Thanks! How about using remotes::install_dev("tune") and try again.

The reprex you provided runs just fine now, but on my dataframe I still get the following error:

x Fold01: model  1/25: Error: All of the models failed. An example message was:
  Error in `[.data.frame`(m, labs) : undefined columns selected

It seems to have a problem with my column names but I can't think why that would be the case and only happen during tune, not when a single bag model is trained. Here are the column names:

 [1] "HQ"              "Facility_Type"        "QUAL_SCORE_y0"        "QUAL_SCORE_y1"        "QUAL_SCORE_y2"        "QUAL_SCORE_y3"        "ERV_y0"               "ERV_y1"               "ERV_y2"               "ERV_y3"               "Rating_Method_y0"     "Rating_Method_y1"    
[13] "Rating_Method_y2"     "Rating_Method_y3"     "SUST_ACF"             "SUST_RQMT"            "PRORATED_SERVICE_PRV" "FSM_CALC_PRV"         "Facility_Age_yrs"     "sc_chg_1"             "sc_chg_2"             "all_score"            "EVR_chg_0"            "EVR_chg_1"           
[25] "EVR_chg_2"            "all_erv" 

I am getting exactly the same error. Earlier on a custom model was working perfectly fine, now I am suddenly getting this error. I haven't created a reprex. My first thought was to search online for the error and discovered that this is a current ongoing conversation (ie. within the last few minutes).

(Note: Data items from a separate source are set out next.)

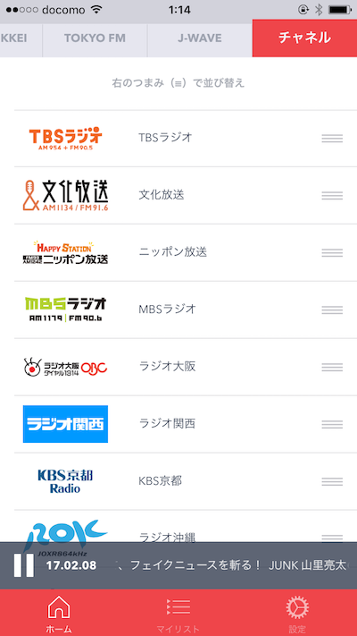チュートリアルどおり横にスワイプしてみましょう。多くの放送局を選択することができます。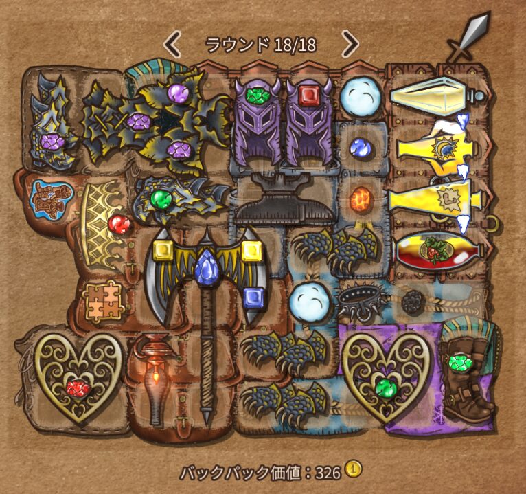 ラウンド1~4でオノを買うだけでかなとこに確定して良い。ラウンド5~7はレアが出やすいため、積極的にリロールすれば高い確率で2本目のオノを買ってダブルアックスをクラフトできる。同じレア帯のコアアイテムである富の宝箱も合わせて買いやすい。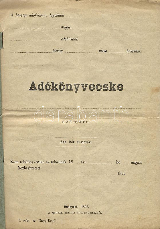 https://www.darabanth.com/hu/47-Gyorsarveres/47.0/Festmeny-mutargy-papirregiseg-egyeb/Okmanyok~133/1893-Ado-konyvecske~II94022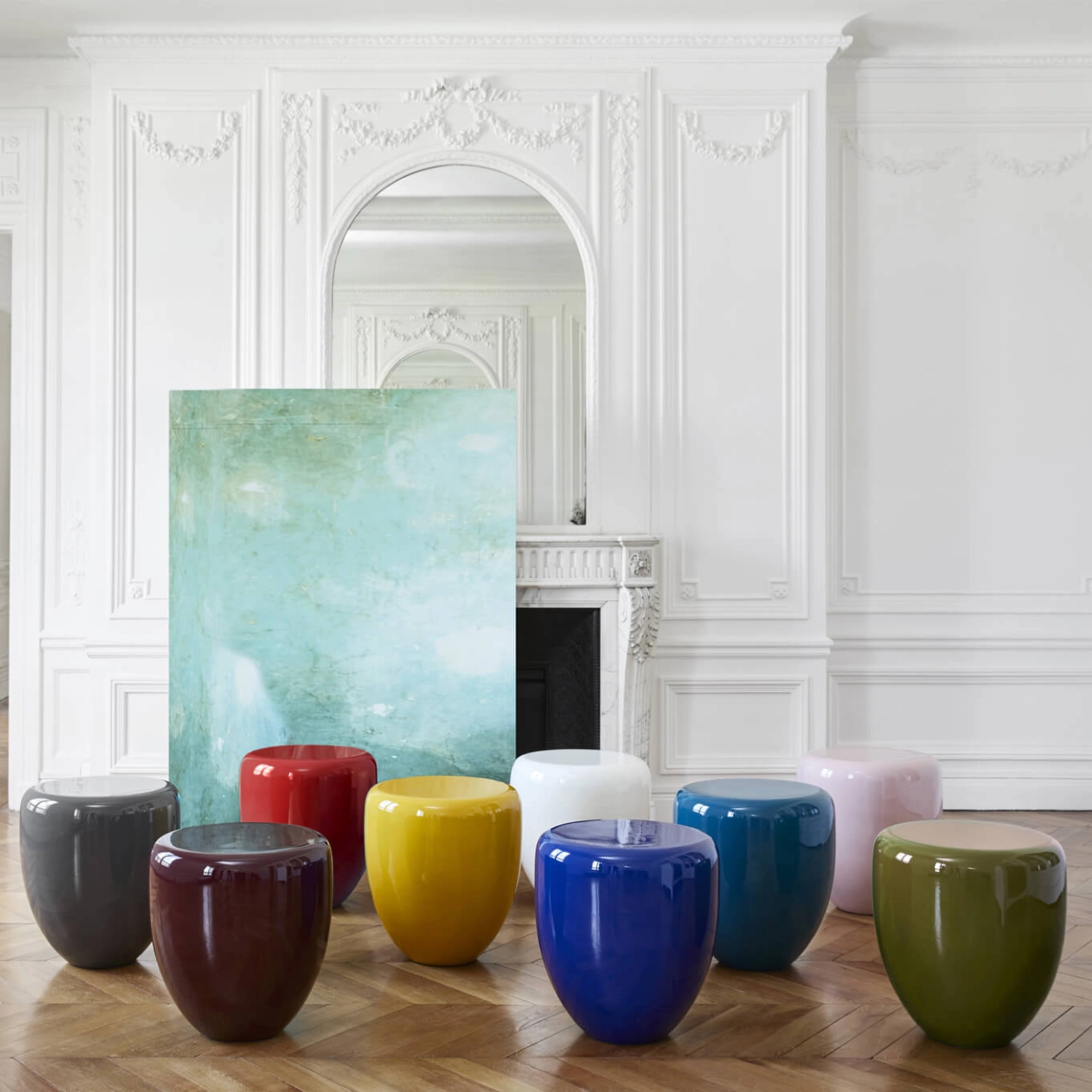 Designed by Reda Amalou, the DOT Collection is a contemporary interpretation of the traditional Asian stool, with a clean and minimalist line. The DOT is finished using a traditional hand applied lacquer. A minimum of 18 coats, sanded down between each coat, are required to obtain the perfect finish. This process gives depth and intensity to the colour. The DOT by Reda Amalou is available in three sizes and a wide variety of colours.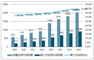 我國(guó)檢驗(yàn)檢測(cè)市場(chǎng)高速增長(zhǎng),其中,第三方檢測(cè)達(dá)近千億規(guī)模,2009-2016 年復(fù)合增速高達(dá) 23%。我國(guó)近年持續(xù)加大食品、環(huán)境、醫(yī)藥及工業(yè)等領(lǐng)域產(chǎn)品質(zhì)量把控。檢測(cè)覆蓋領(lǐng)域持續(xù)擴(kuò)大,檢測(cè)項(xiàng)目也不斷細(xì)化,檢測(cè)行業(yè)持續(xù)高速發(fā)展。根據(jù)統(tǒng)計(jì),截至 2016 年,我國(guó)檢測(cè)行業(yè)市場(chǎng)規(guī)模達(dá)2028億元,其中第三方檢測(cè)達(dá) 908億元,2009-2016 年第三方檢測(cè)市場(chǎng)規(guī)模復(fù)合增速高達(dá) 23%,第三方檢測(cè)占比由 2009 年的 37%提升至 2016 年的45%。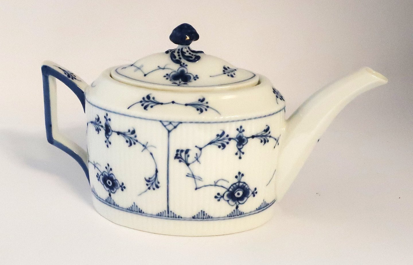 Königliches Kopenhagen. Musselmalet, Gerippt. Teekanne. Modell 253. Höhe 13 cm. Länge 22 cm. (2. Wahl). Hergestellt vor 1923.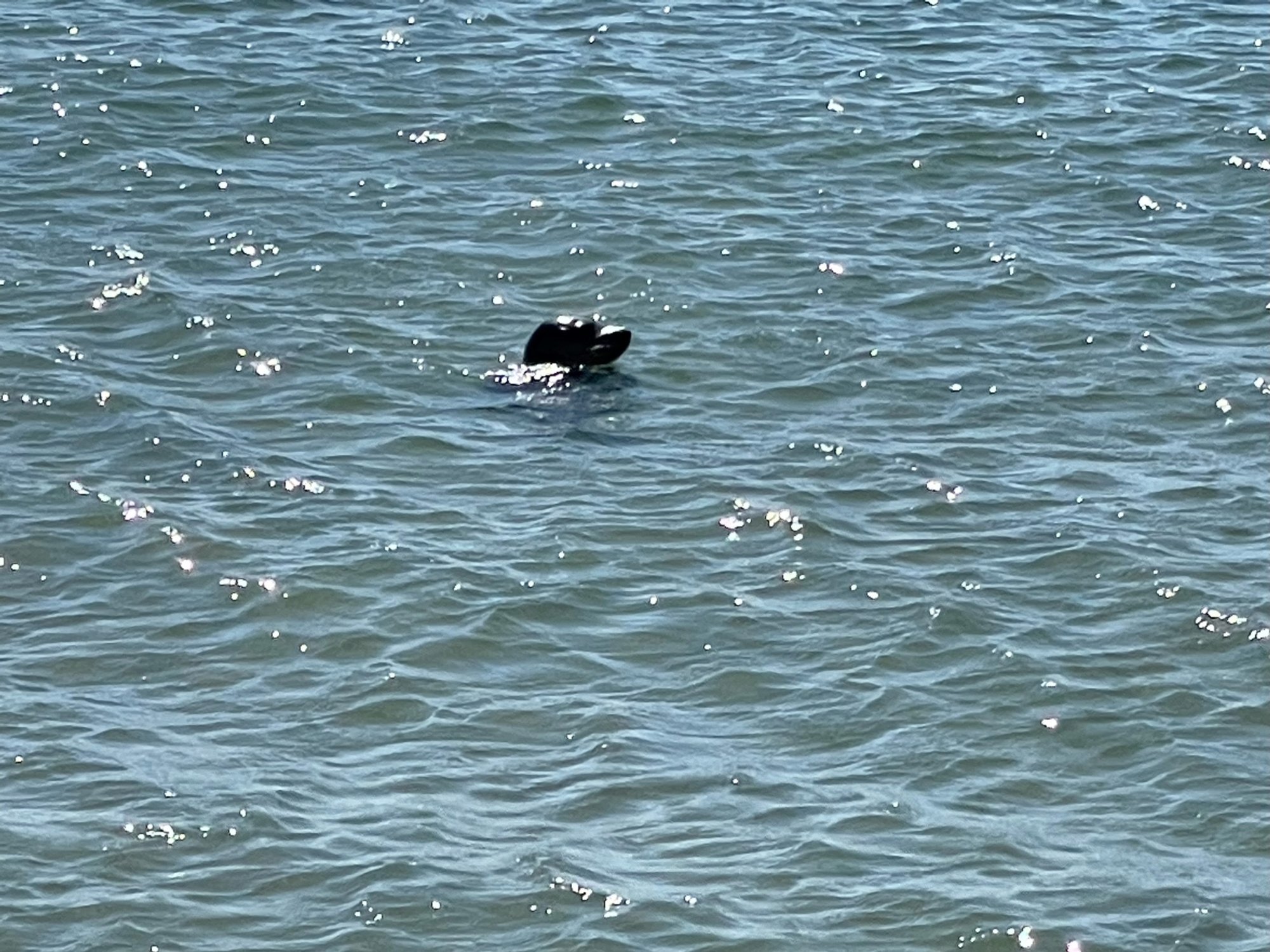Ook nu banjeren we vanaf de parkeerplaats een heel stuk door het losse zandstrand om bij het punt te komen waar het om gaat. In de verte zien we al dat de golven hier tegen elkaar botsen en vol verwachting lopen we die kant op. Onderweg zien we nog een paar zeehondjes die op een meter of 3 van de kust aan het zwemmen zijn. Leuk!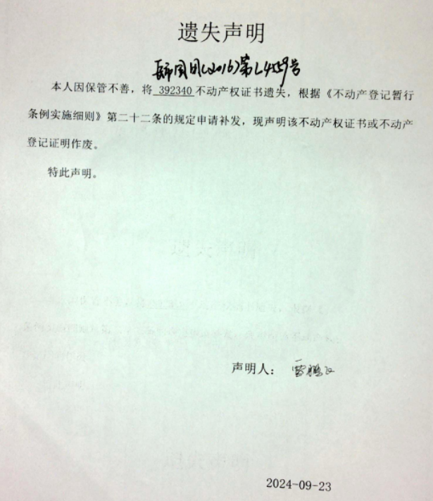 遗失声明(雷鹏飞)

I don't believe any changes I made to my code should have caused the error. And I don't think I updated tune or any of the tidymodel packages since it was working, but it is possible that I did. I am running on Linux not Windows and using the github version of tidymodels.

I don't see anything wrong with those names. Does it run sequentially?

The code doesn't run sequentially or in parallel, but the model will run when not tuning, i.e. if I specify tree_depth and then pipe to fit rather than tuning.
Here is an example of the errors from the .notes column:

I don't know that I can help more without being able to run an example locally that has the same issue.

I think the problem is that allow_sparse_x is now a required parameter in the options of set_encoding when defining a custom model, and doesn't have a default value. It is late at night, so I aren't going to investigate this further, but I think this may be the cause of the error, in my case anyway.

It's a frustrating error because it only occurs when using tune and not when fitting a single model. I suppose I could make my own wrapper to search the hyperparameters but that defeats one of the main reasons for switching to tidymodels.

I even tried

library(janitor)
df <- clean_names(df)

as well as stripping out "_" and all numbers from column names but nothing works. There appears to be something wrong with how tune and rpart are interacting with column names but I have not found a solution so far.

FWIW I am seeing the same original error (rlang::env_get......) when trying to run naive_Bayes() model in parallel. Runs without the error sequential. (Ubuntu)